I am Native American by birth and we don't 'wield lasso's'. Oklahoma has many Native American tribes and any who would 'wield lasso's' are probably doing so only for the tourists who don't know any better.

Cowboys we do have but they are of two kinds. Just for show (you can tell by how clean and new looking their boots are) or the real deal which work hard running or working on ranches (Their boots are worn and/or dirty.) Many rural residents have cattle and/or horses and the ability to lasso is important to their livelihood. Rodeo's are fairly common as well. Regardless of whether a cowboy (or cowgirl!) is real or a fake, they come in many colors and races. They may be black, Hispanic, Caucasian or American Indian or a even mixed race. It doesn't matter much to us, really. Just like in Jehovah's organization, we are a well diversified group here in our area.

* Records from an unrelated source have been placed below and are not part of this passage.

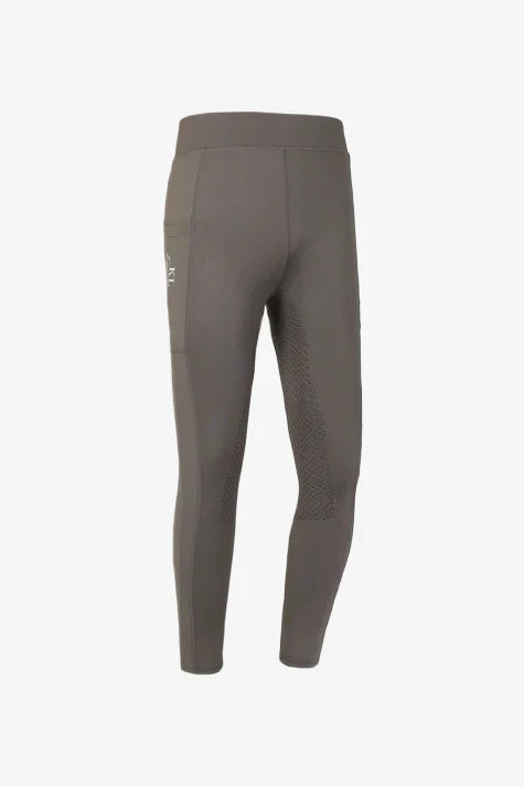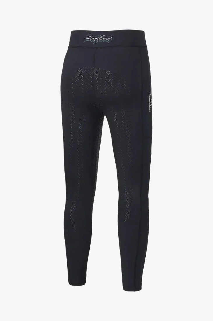 Kompressionsridebukser fra Kingsland SS23. Juniorvarianten af de bedst sælgende KLkarina ridebukser. KLkandy er et par helskoddede kompressionsridebukser, der er behagelige, flotte og bevarer deres pasform over tid. Fremstillet af et højkvalitets, åndbart stof. På højre ben er der en praktisk telefonlomme. Bukserne egner sig lige godt til at ride din pony som til at lege med vennerne. Bagpå findes også Kingslands stilfulde logo på linningen.
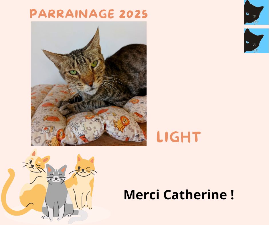 Merci à marraine Catherine S. Danemark pour le renouvellement du parrainage de son filleul Light pour la 2ème année et ainsi financer sa vaccination annuelle 2025 !
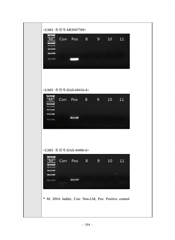 314 LMO 유전자-MON87769 LMO 유전자-DAS-68416-4 LMO 유전자-DAS-44406-6 * MDNA ladder, ConNon-LM, PosPositivecontrol
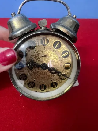 Sveglia meccanica vintage marca PRIM, prodotta in Cecoslovacchia. Presenta un quadrante con numeri romani e decorazioni floreali dorate. Si deve riparare,non funzionante - Design classico con campane. - Movimento a carica manuale. - Indicazione Made in Czechoslovakia sul quadrante.
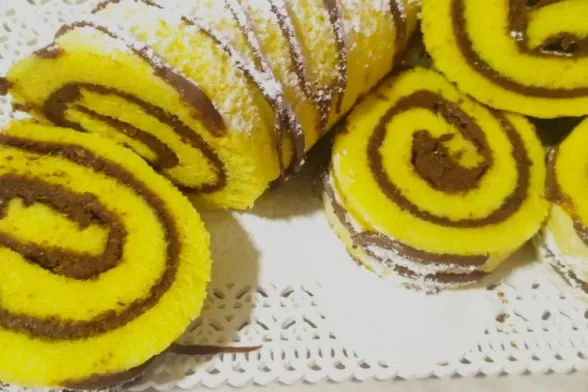 Sfornare il pan di Spagna, posizionarlo sopra la carta forno ancora tiepido e arrotolarlo insieme alla carta forno. Mettere in frigo per circa 1 ora, togliere dal frigorifero e srotolarlo delicatamente e spalmare la Nutella in superficie. Arrotolare nuovamente e avvolgere nella pellicola trasparente, mettere in frigorifero per 1 ora. Togliere dal frigorifero e cospargere la superficie con la Nutella e lo zucchero a velo.
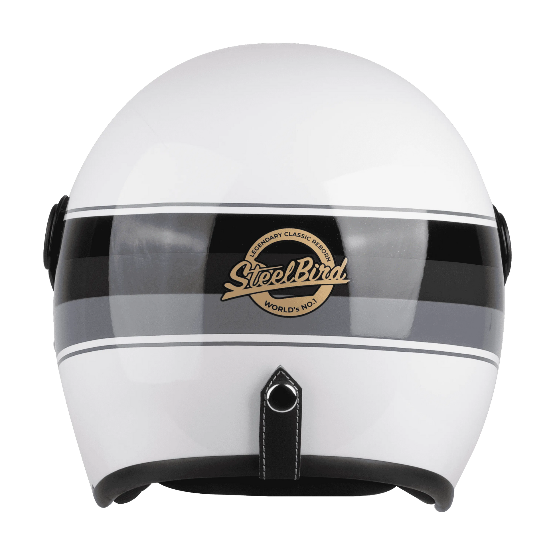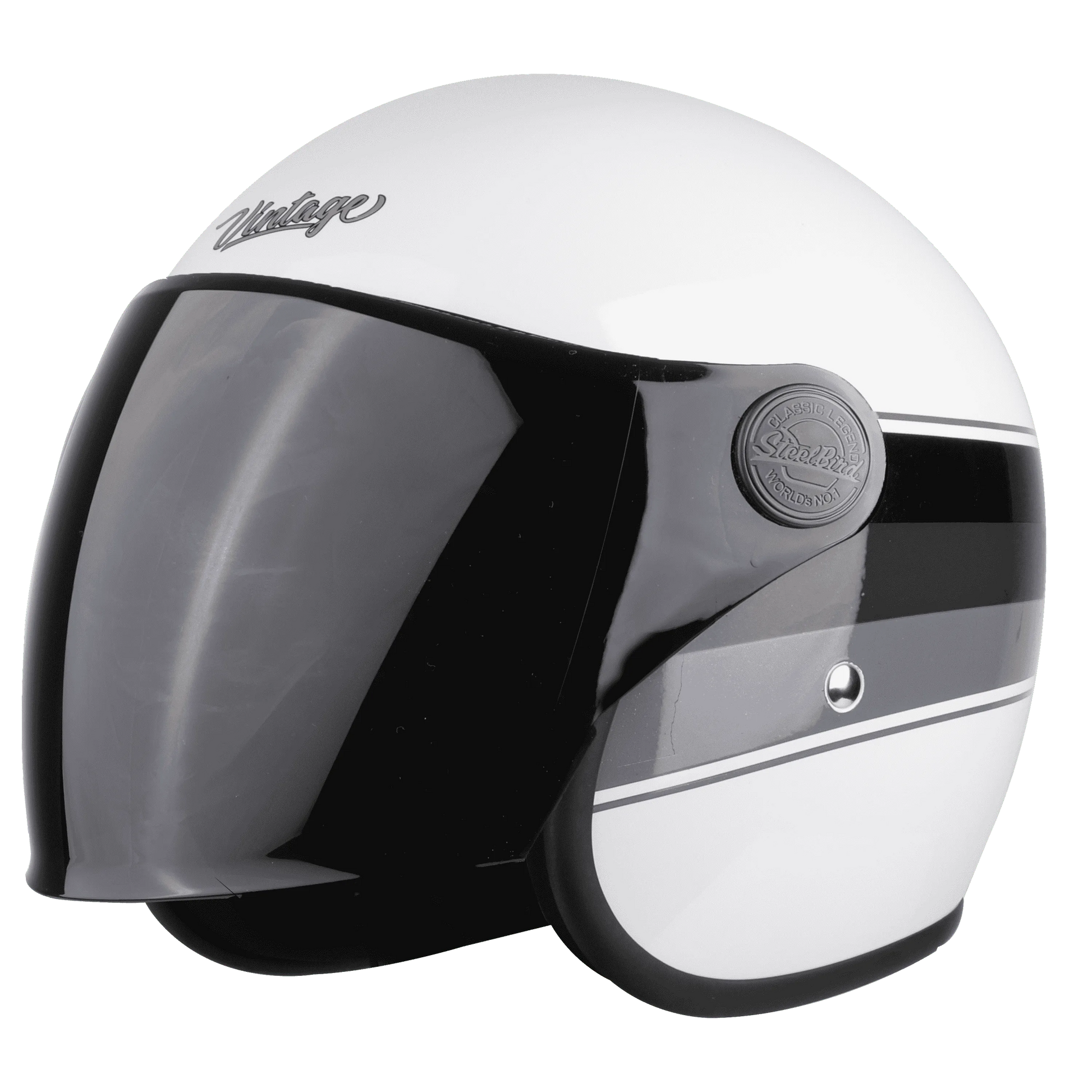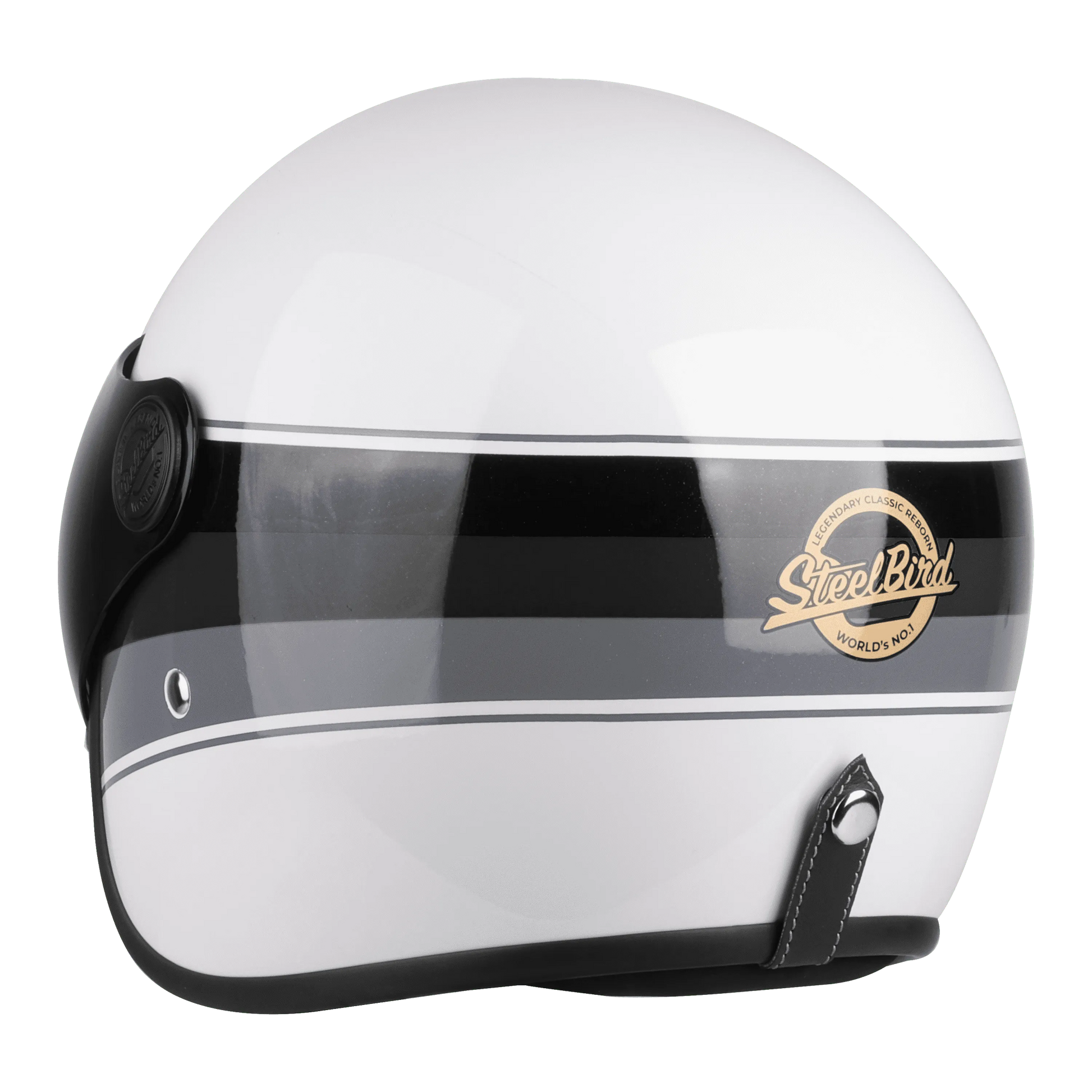 STEELBIRD Sbh 56 Vintage White Grey Half Face Helmet
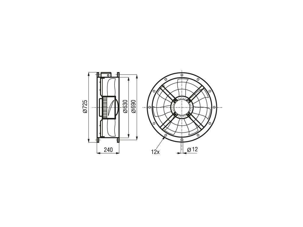 TXBR/4-630 průmyslový jednofázový potrubní axiální ventilátor
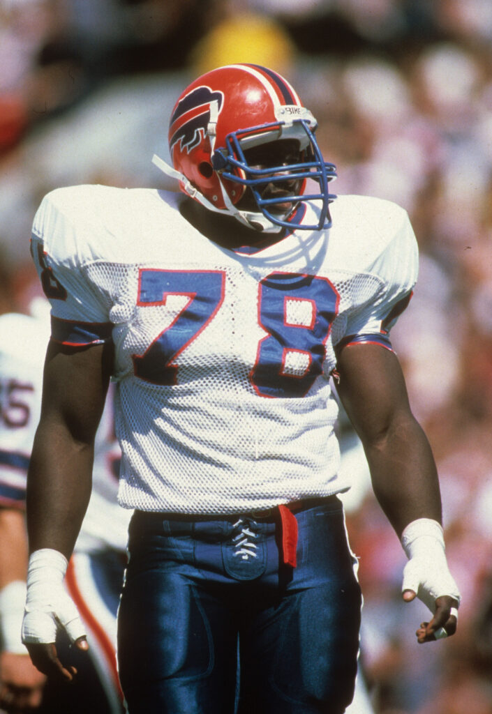 Aug, 1986; Chicago, IL, USA; FILE PHOTO; Buffalo Bills defensive tackle Bruce Smith (78) in action during the preseason against the Chicago Bears at Soldier Field. Mandatory Credit: Malcolm Emmons-USA TODAY Sports
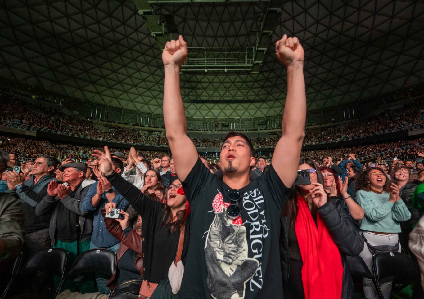 Esa memoria —de personas, ciudades y luchas— también la nombra Aida Roa Villar, chilena, que cumplió 50 años en uno de estos conciertos. “Crecí con sus canciones; las conocí por mi madre. Han estado en mis momentos más difíciles y en los más felices”, cuenta. En esta gira estuvo en Santiago de Chile, Buenos Aires y Lima. Cada plaza le dejó una emoción distinta: “En Chile, siete años de espera. Emoción total. En Buenos Aires me preocupó su salud; admiro que haga tantos conciertos y lo entregue todo con amor. En Lima, que cumplí cincuenta, lloré a mares”.
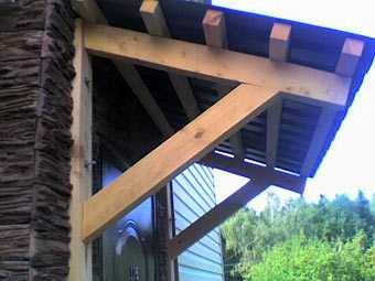 Навес изготавливается из брусьев и представляет собой отдельную от крыльца конструкцию. Посути, это козырёк, который крепится к стене балками, на которые опираются стропила и подкосы.
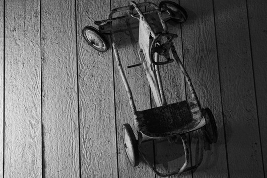 - Thank you, Tim! Congratulations to all! My name is Aaron Wilson, I live in Austin, TX and am very honored to receive a mark of excellence. I was at a small club on the East side shooting for my friend's band. In between sets, I stepped outside for some air and found this amazing 50's era pedal car hanging on the wall above the doorway. I loved the lighting and textures and wanted to create the illusion that the car was on the floor being photographed from above. I agree the framing is tight on top an bottom, but felt it was necessary to maintain the illusion. For me, the crop also adds an uneasiness of the atomic age to the image and juxtaposed with the child's toy to great effect. I imagined my father as a boy, abandoning his favorite toy to follow his mother down into the bomb shelter. Shot with an Olympus EM-5, m.zuiko [email protected] 1/90 ISO3200. Lightroom4 BW conversion with minor exposure/contrast/clarity adjustments.
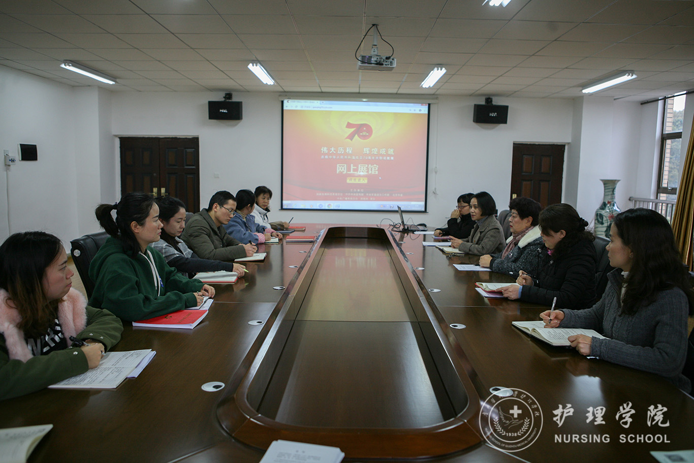 为进一步贯彻习近平新时代中国特色社会主义思想,认真落实“不忘初心、牢记使命”主题教育及弘扬爱国主义精神,11月27日BEAT365英国官网组织全体教职工党员集中观看了“伟大历程,辉煌成就——庆祝中华人民共和国成立70周年大型成就展”网上展馆。
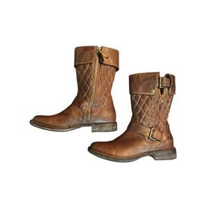 UGG Boot Brown Leather Quilted Mid High Conner Fawn Australia side zip sizs 9 in EUC - recently cleaned and conditioned. Low flat heel and a real leather upper, adjustable buckled strap, comfortable cushioned insole. See pics

All that aside, the Cherokee Nation of Oklahoma of which I am a card-carrying member, is the second largest Native American tribe and just in case any readers would like to know more about Cherokee culture, I'm putting a link to the tribe's website which contains some general information.

http://www.cherokee.org/AboutTheNation/Information/General/Default.aspx

Wow!. . . Thanks for sharing that interesting insight on the diversified backgrounds and traditionally rooted customs in your state!. . . Very interesting. . . It was also interesting to learn of the Cherokee tribes, clans and traditions. . . Just how traditional do the locals get in your part of th world? With the modernization one society and the media oriented education, how has that affected the newer generations compared to the older relating to traditional values and customs?

Is such "traditional religion" popular too? Before coming into the truth, were such customs part of your belief system?. . . Thanks! :)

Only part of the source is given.